From the first line to the last, output the data exactly as it stands, minus its pictures.
Top of GIVEN MATERIAL
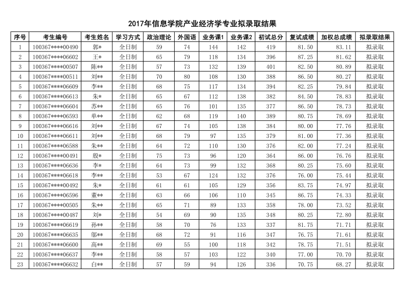 2017年对外经济贸易大学信院产业经济学研究生拟录取名单
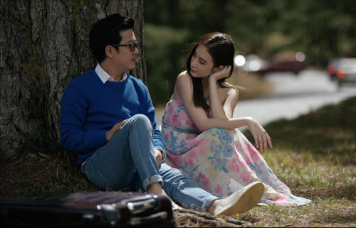 Angela Phương Trinh (phải) và Trường Giang có nhiều cảnh diễn lãng mạn trong phim mới của Đức Thịnh.
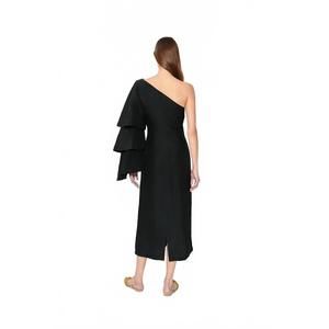 Introducing the Bidi Bidi Bom Bom Tea Length Dress by Rosie Assoulin, an elegant event dress perfect for your collection. This sleeveless dress is made from a luxurious linen blend with a lining of 100% cotton, offering a comfortable yet stylish sheath silhouette. Designed without pockets, it features a sophisticated off-the-shoulder neckline in a minimalist solid black pattern. Care instructions recommend dry cleaning to maintain its exquisite appearance.
Bottom of GIVEN MATERIAL
◆ ANSWER SECTION:
 2017年对外经济贸易大学信院产业经济学研究生拟录取名单
 Angela Phương Trinh (phải) và Trường Giang có nhiều cảnh diễn lãng mạn trong phim mới của Đức Thịnh.
 Introducing the Bidi Bidi Bom Bom Tea Length Dress by Rosie Assoulin, an elegant event dress perfect for your collection. This sleeveless dress is made from a luxurious linen blend with a lining of 100% cotton, offering a comfortable yet stylish sheath silhouette. Designed without pockets, it features a sophisticated off-the-shoulder neckline in a minimalist solid black pattern. Care instructions recommend dry cleaning to maintain its exquisite appearance.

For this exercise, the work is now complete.